Android-based smartphone manufactured by OnePlus

The OnePlus 10T is a high-end Android-based smartphone manufactured by OnePlus, unveiled on August 3, 2022. Designed as a successor to the OnePlus 8T, the 10T features a Qualcomm Snapdragon 8+ Gen 1 chipset, an octa-core CPU, and an Adreno 730 GPU. Available in Moonstone Black and Jade Green, the phone has a sleek slate form factor with dimensions of 163 mm in height, 75.4 mm in width, and 8.8 mm in thickness, and weighs 204 grams.

The OnePlus 10T has a 6.7-inch Fluid AMOLED display with a resolution of 1080 x 2412 pixels, a 20:9 aspect ratio, and a 120Hz refresh rate.

The camera setup includes a triple rear camera system with a 50 MP main sensor, an 8 MP ultrawide lens, and a 2 MP macro lens, capable of recording 4K video at 30/60fps and 1080p video at up to 240fps.
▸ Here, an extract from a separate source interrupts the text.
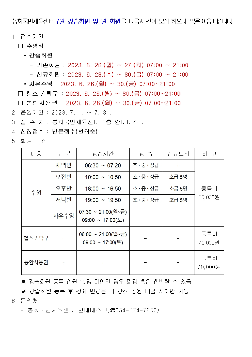| 46 | 국민체육센터 7월 강습회원 및 월 회원 모집 안내 | 김정남 | 2023.06.21 | ![]() ![]() |
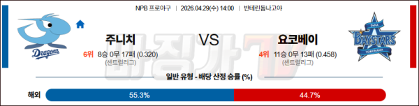 2026-04-29 NPB 주니치 요코하마 KBO/NPB분석 무료중계 스포츠분석

The front-facing camera features a 16 MP sensor.

Additional features include a 4800 mAh battery with 150W fast charging, stereo speakers, and a range of connectivity options such as Wi-Fi 6, Bluetooth 5.2, and USB Type-C. The OnePlus 10T also includes an under-display optical fingerprint scanner, accelerometer, gyroscope, proximity sensor, compass, and a color spectrum sensor.

The OnePlus 10T is related to the OnePlus 10 Pro and OnePlus 10R, sharing similar design and performance traits.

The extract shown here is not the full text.